O sacerdote também ressaltou a necessidade de cada paróquia refletir sobre sua realidade local durante a Quaresma. “Todo pároco conhece a realidade de sua comunidade e sabe que a dor da moradia precária atravessa todas as paróquias, inclusive nas regiões mais abastadas. Todos os bairros do Rio têm periferias, comunidades, favelas. Isso é uma realidade urbana estrutural.”
Além do envolvimento da Igreja, a Pastoral de Moradia e Favelas também atua em parceria com a sociedade civil, especialmente por meio da campanha “Despejo Zero”, criada durante a pandemia. “Esse esforço buscava garantir o mínimo de dignidade a quem não tinha como pagar aluguel. Foi uma ação de resistência e de humanidade.”

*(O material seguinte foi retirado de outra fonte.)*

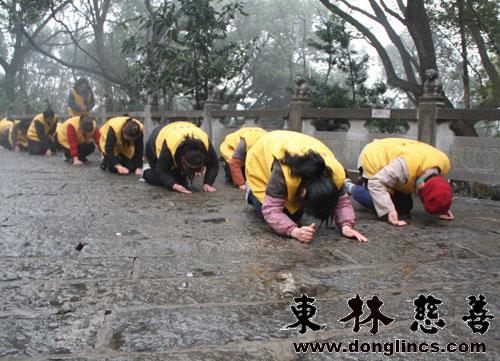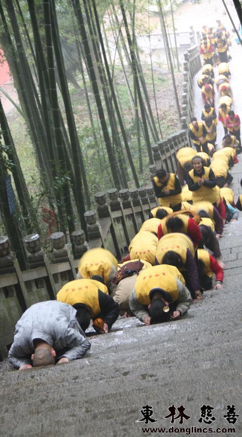 大家三步一拜,一声南无本师释迦牟尼佛。拜的是真诚、是感激,感恩佛菩萨的救度与教化,感恩师父的统领。虽然一路雨水,一路泥泞,但就因这泥泞升华了大家的信仰与道心。浩浩荡荡的队伍从塔下一直蜿蜒至上,都身着东林慈善的黄马甲,一旁的游客们也被这样的景象打动,纷纷恭敬合掌。

Desafios das grandes cidades
Monsenhor Luiz Antônio exemplificou com dados do Instituto Pereira Passos, que apontam a existência de 1.362 comunidades no território da Arquidiocese do Rio de Janeiro, com uma população estimada de 1,7 milhão de pessoas. “Só a Rocinha tem cerca de 150 mil habitantes. É mais do que muitas cidades brasileiras. O Complexo da Maré, do Alemão e da Penha são verdadeiras cidades. Mas são cidades dentro do caos, sem acesso pleno a saneamento, infraestrutura ou segurança.”
Ele reforça que o grande desafio das cidades brasileiras é garantir moradia digna diante do crescimento urbano desordenado e da desigualdade estrutural. “As grandes cidades não têm rede de esgoto que suporte tanta demanda. E a moradia não pode ser reduzida a quatro paredes. Ela é a porta de entrada para todos os outros direitos: trabalho, saúde, educação, dignidade.”
Opção pelos pobres
Por fim, ele destacou o reconhecimento oficial, pela CNBB, da Pastoral de Moradia e Favela como nome nacional da iniciativa. “É uma conquista histórica. O nome ‘moradia’ amplia a abrangência da ação, enquanto ‘favela’ expressa nossa opção preferencial pelos pobres. Cortiços, palafitas, ocupações — tudo isso está dentro do nosso campo de atuação.”
Segundo monsenhor Luiz Antônio, a celebração do Dia Mundial da Habitação reforçou a missão da Igreja Católica como promotora de justiça social e articuladora entre fé e vida. “A moradia digna é um direito, não um privilégio. E enquanto houver um só irmão sem teto, nosso trabalho não estará completo”, concluiu.